Suddenly Dad’s cell phone rang. Rick and
Candace, his two assistants were on the line. They had already made it
upstairs. He gave instructions for them to wait at the Cafe for us and told
them that we would be attending the meeting alone. When he hung up, he looked
at me and said “We’ll talk a bit more after the meeting.”

Dad left me a befuddled mess as I followed him
to the escalator, riding each one to the top until we reached the fourth level.

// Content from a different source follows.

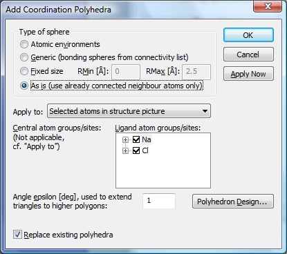 The picture above shows in the left part the result of a conventional creation of a coordination polyhedra (one of the three options "atomic environment", "generic", or "fixed-size sphere") that automatically creates the missing atom(s) (here: one Cl atom outside the unit cell) with the expected NaCl6 octahedron, whereas the option "as is" creates a pyramid from the existing five Cl neighbours only.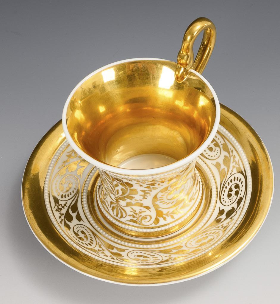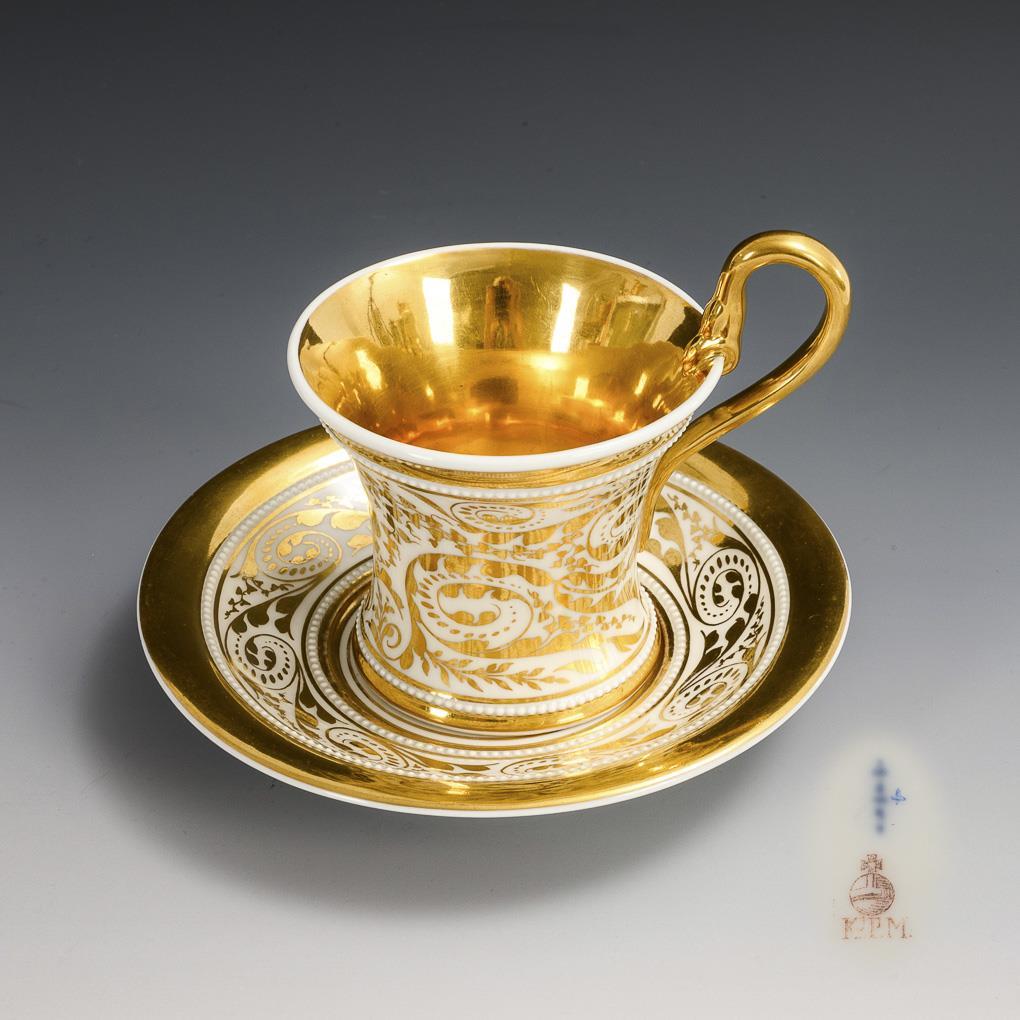Gold-decorated. Cup (h 10.5 cm), original saucer (Ø 15.5 cm).

There were four conference rooms. Ours was at
the end of a long narrow tunnel with glass windows overlooking the lower
floors.

When Dad and I walked into the
Honeymooners
conference room moments later, to my surprise the only people who showed up for
the “big” meeting was Mr. Yu and his strikingly handsome son, Ethan Yu, whose
cute face was the first thing I saw when I walked in the door. I let out a
little sigh. Both were investors from AmeriAsia, the land developers from
China. I wondered where the rest of Dad’s staff was and why members from our
accounting teams hadn’t shown up. The room seemed eerily quiet and tense. I’d
known Ethan since I was a kid. It came as no surprise to me that he would grow
up to become an even shrewder businessman than his father. We’d spent an
inordinate amount of time alone at the weekend retreat while Daddy and Mr. Yu
fished and went bird watching. The two men left us at the cabin for hours while
they played golf. We had gotten somewhat close, enveloped by a comfortable
silence that concealed a slightly muted attraction.